Pocas cosas más estúpidas que la reacción escandalizada de políticos y periodistas españoles ante la decisión de la mayoría independentista en el Parlament de reconocer emocionadamente al presidente en el exilio y aceptar la propuesta de Jordi Sánchez como sucesor del Payés Errante al frente del Gobierno catalán. Reclamar estabilidad institucional a los que tienen como principal objetivo la desestabilización permanente no es naif: es una imbecilidad demasiado satisfecha de sí misma. El propósito de puigdemontistas, antiguos convergentes y ERC no es conseguir un Gobierno que gestione, sino un Gobierno que encarne el enfrentamiento con Madrid, si es necesario, convirtiendo ese Gobierno en un horizonte cercano, pero al que no se llega nunca, y si no se llega nunca (de nuevo) es por culpa de Madrid. Ese y no otro es el sentido de promover como candidato presidencial a Jordi Sánchez, en prisión provisional, que no podrá tomar posesión, digamos, en estos precisos momentos. Ni en los próximos quince días.

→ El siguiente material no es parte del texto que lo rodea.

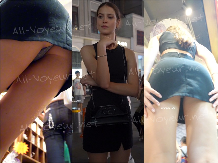 三个长腿外国模特逛街,其中一个穿着包臀裙,警惕性很强,经常用手捂裙子,然而还是被抄底骚丁字裤。
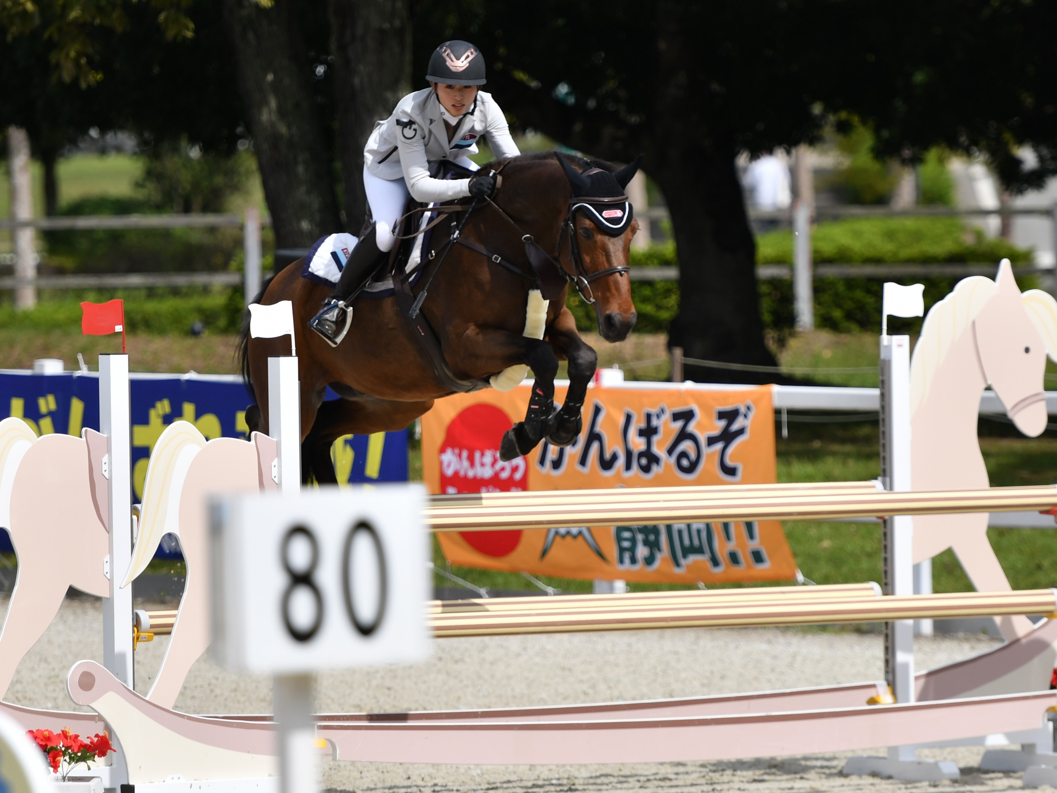 長丁場の全長890mに18障害(20飛越)が設置されたダービー競技には20人馬が出場し、このコースを完走した3人馬によるジャンプオフが成立。長町柚愛&ルーチャット(長野県)が41.50秒でダブルクリアランドして優勝、2位は49.70秒の原田祈璃&ヴァリディリホ(鹿児島県)、3位は減点8の髙田春来&サントリーニ(京都府)となりました。
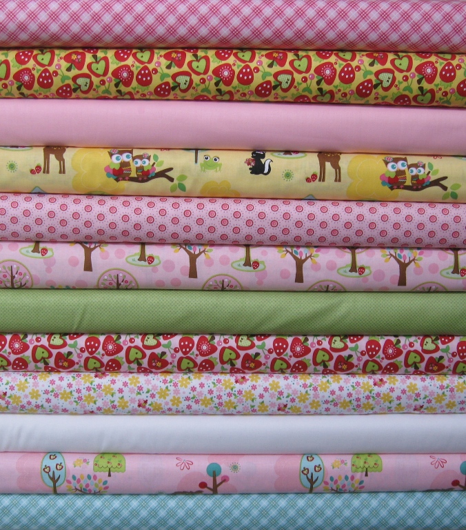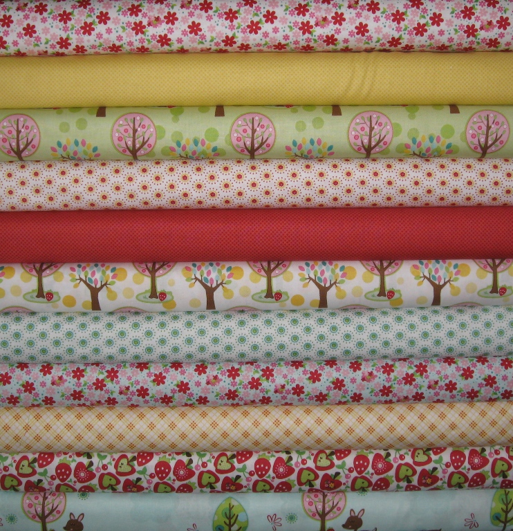The full order, all 23 bolts in this collection, arrived yesterday. It has 4 main colors to it…blues , greens, yellows and pinks, along with some plaids, daisies , and solids.
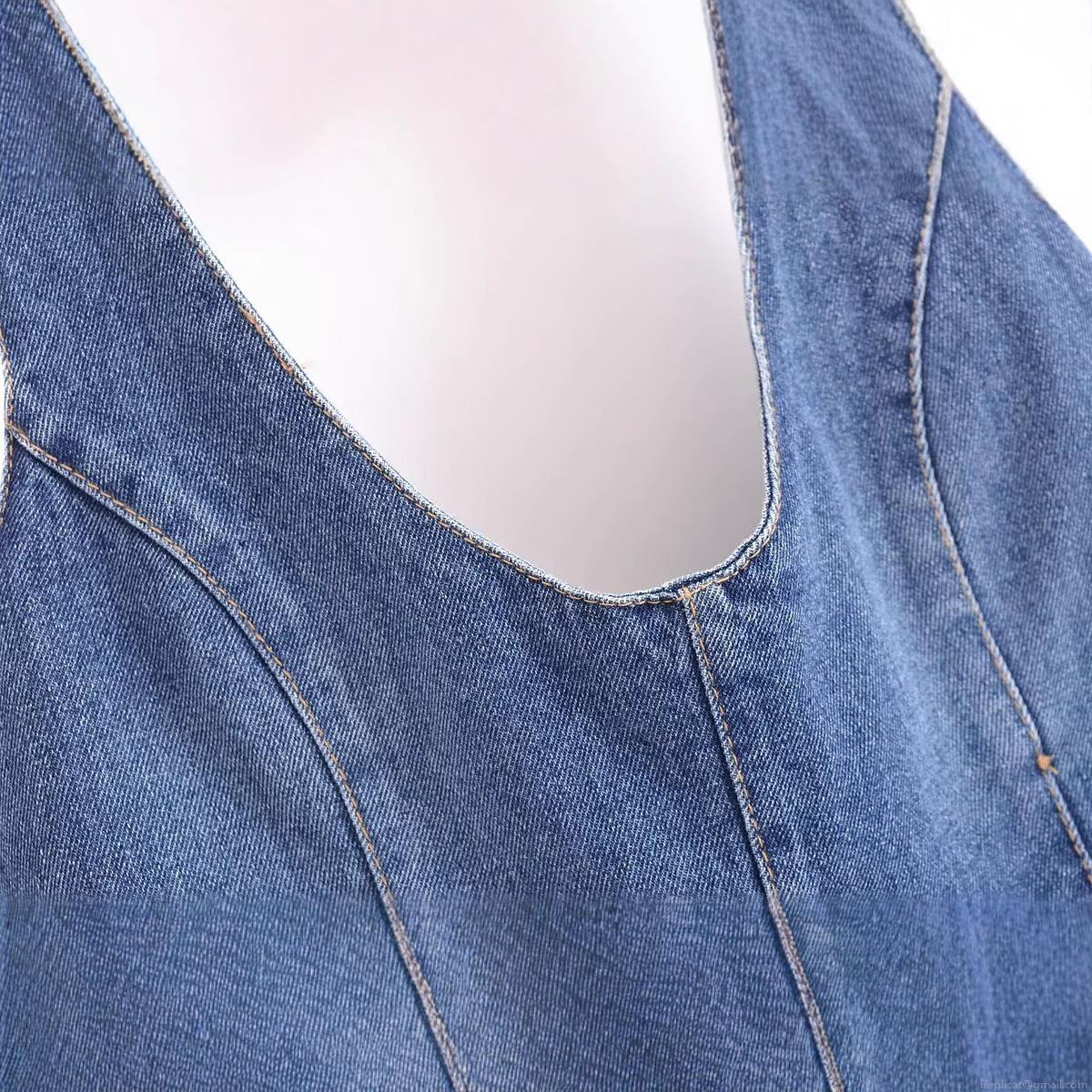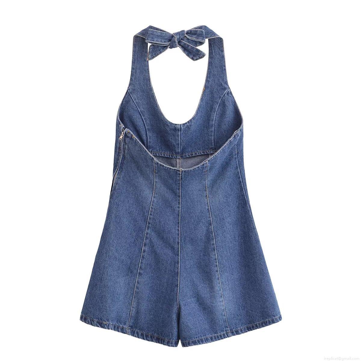 • Women's Sexy Backless Halter Denim Mini Dress V-Neck Bow Tie Waist Summer Sleeveless Jean Dress For Party Clubwear Vacation Romper
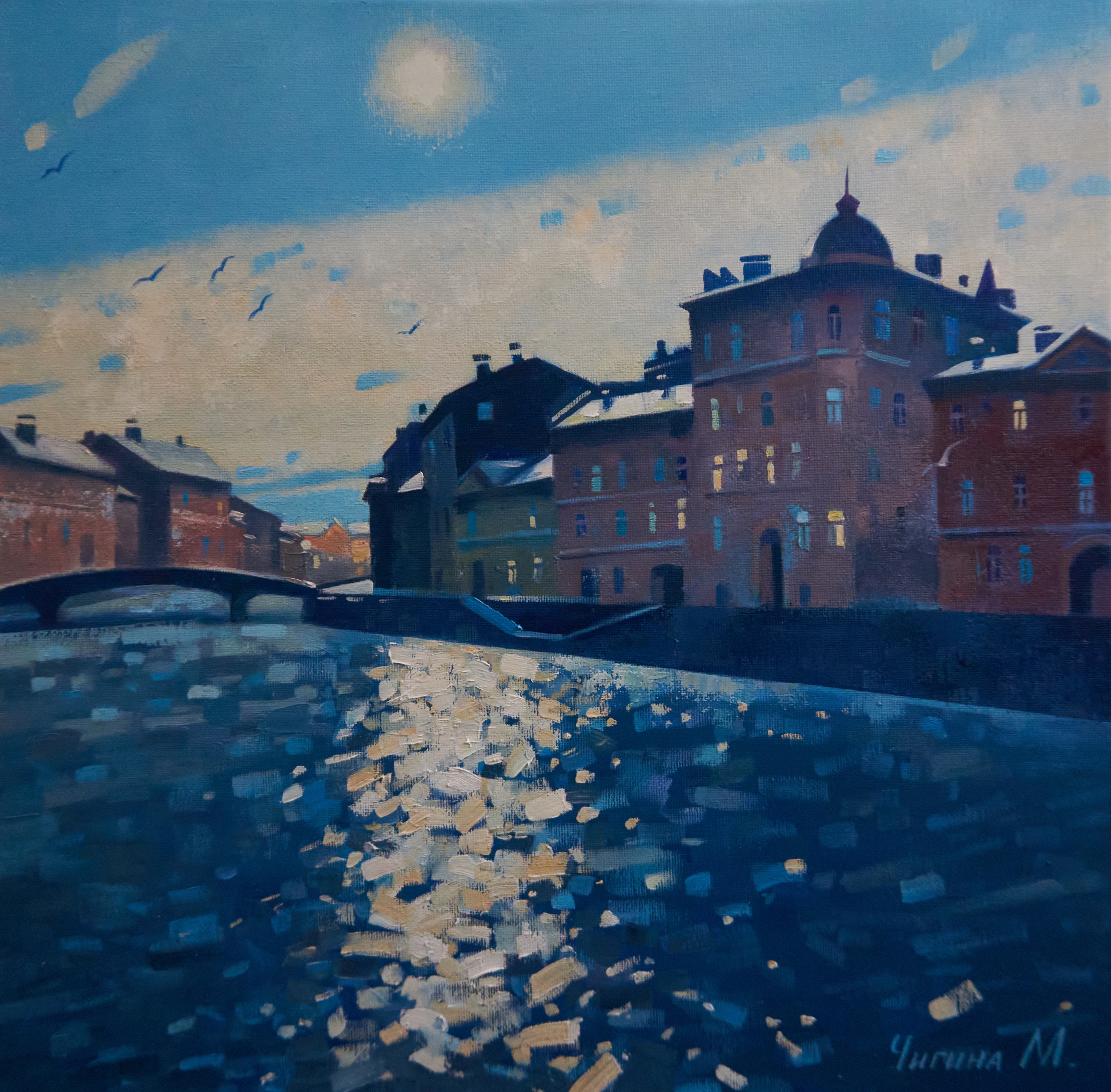 The sun over the Fontanka river
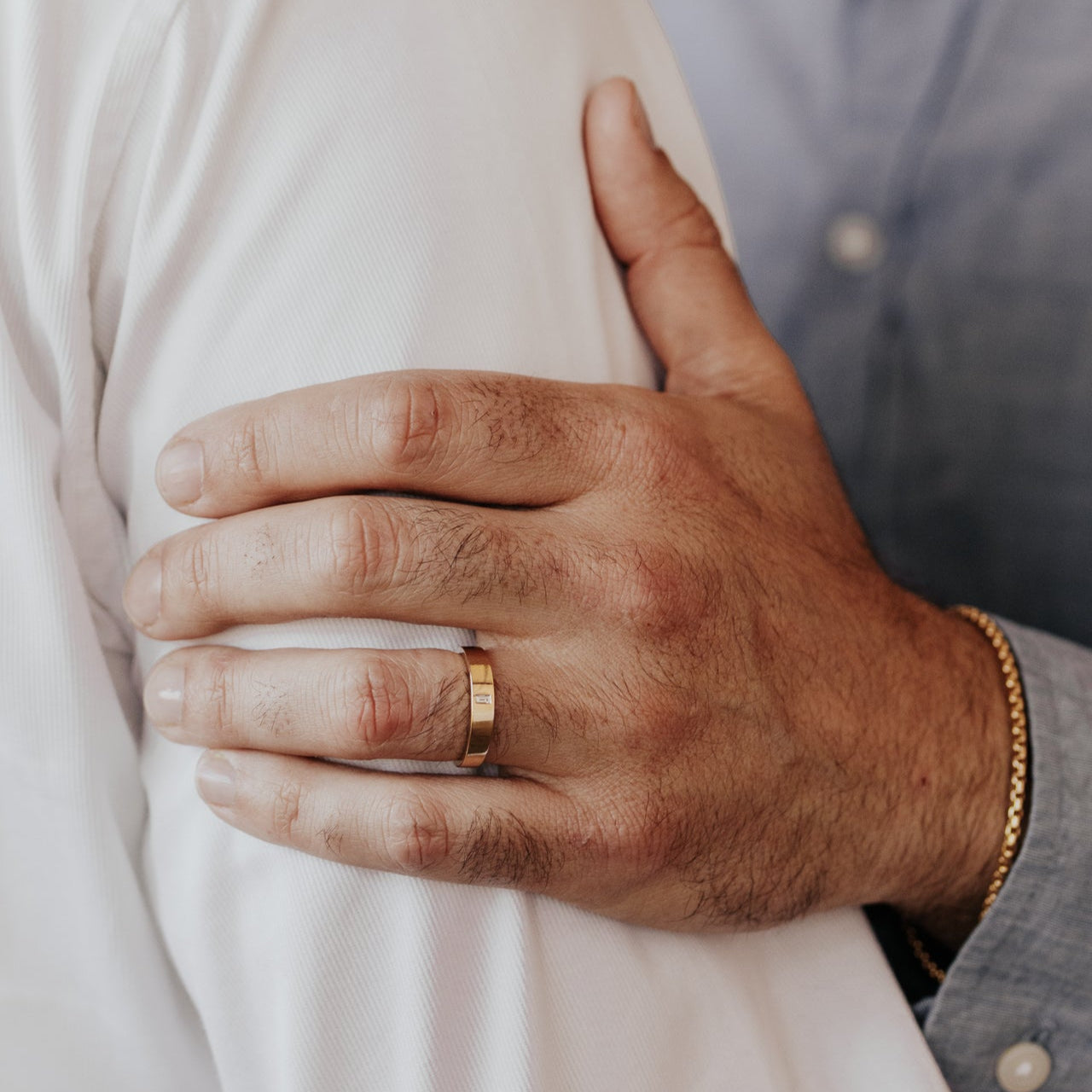 The Jaden Band features a ~.09 ct baguette diamond hammer set in a high polish wide band.
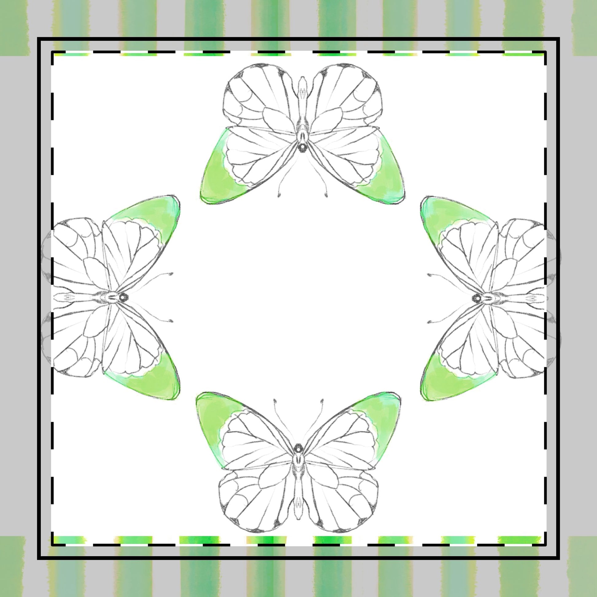 Butterfly Chroma Stripes Poly Twill Napkin, Darker Green, Fabric Background Bright White
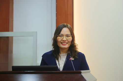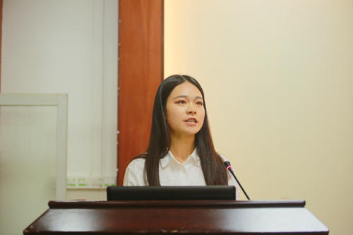 图为谢丽仪发言
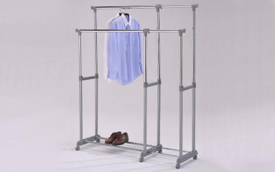 Стойка для одежды W-63 (CH-4566) с двумя штангами. Очень удобная мобильная стойка для одежды, которая будет уместна в большой гардеробной, модельном агентстве или дизайн-студии.
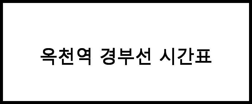 옥천역 경부선 시간표, 요금, 운행 정보 지금 바로 확인하세요

Nueva denuncia al Gobierno español, ruido de cadenas, quejas furiosas sobre el franquismo como seña de identidad del pútrido régimen del 78 y vuelta a empezar, no sin antes añadir mucha indignación porque no se permite constituir un gobierno en Cataluña mientras sigue aplicándose el criminal artículo 155 de la Constitución.

Y así será siempre. Que el país se vaya a la mierda les trae (si bien patrióticamente) sin cuidado. Sus obligaciones heroicas son otras. Al otro lado del Ebro se levantan voces frenopáticas. Que se rindan. Están acabados. Siguen siendo minoría. Vuelvan a la normalidad constitucional. Es algo similar a afearle la conducta a un atracador que te sorprende regresando a casa de madrugada. Quizás me esté usted atracando, pero uno no sale de casa, caballero, con la bragueta baja.

Al independentismo catalán no le importa llevar la bragueta baja. Sustituye a los tanques y divisiones de los que lamentablemente carece. El independentismo es pura vocación de guirigay, incesante metodología de desestabilización.

El llamado procesismo ha devenido incluso una poética (chusca, ridícula, sentidísima) de la inestabilidad. Porque esa inestabilidad, precisamente, estabiliza la cohesión interna de los independentistas. Como el poder central no supo negociar en su momento fue imposible fracturar la germinal unidad de los secesionistas. Ahora cada agente del Procés (incluidos los antiprocesistas) está preso en su propia lógica infernal.

El PdeCat no puede deshacerse de Puigdemont, Ezquerra Republicana no puede deshacerse del PdeCat, Ciudadanos del anticatalanismo que es su razón de ser, el PSC de su propia historia y su obsolescencia bailonga, la CUP de su delirante obcecación ideológica, el PP de un españolismo que se quiere constitucional y es solo rojigualdo.

La derecha catalana abrazó la causa independentista para mantenerse como garantía del establishment y no perder el control político-institucional de la comunidad. El relato independentista es hondo y ahí caben y se neutralizan, como en una fosa séptica, los escándalos de una corrupción monstruosa.

La derecha española encontró en Cataluña una forma mezquina para sumar votos en el resto de España combinando insultos y mamarrachadas con una inactividad política cargada de imprudencia y pachorra. La izquierda aplaude mucho.

A la izquierda le pone la inestabilidad, porque uno de sus prejuicios más arraigados es que de la inestabilidad siempre sale algo bueno. Una buena catástrofe económica, una buena represión, una buena guerra civil.

Sí, exactamente. Creo que esto no tiene remedio. Principalmente porque nadie quiere ponérselo.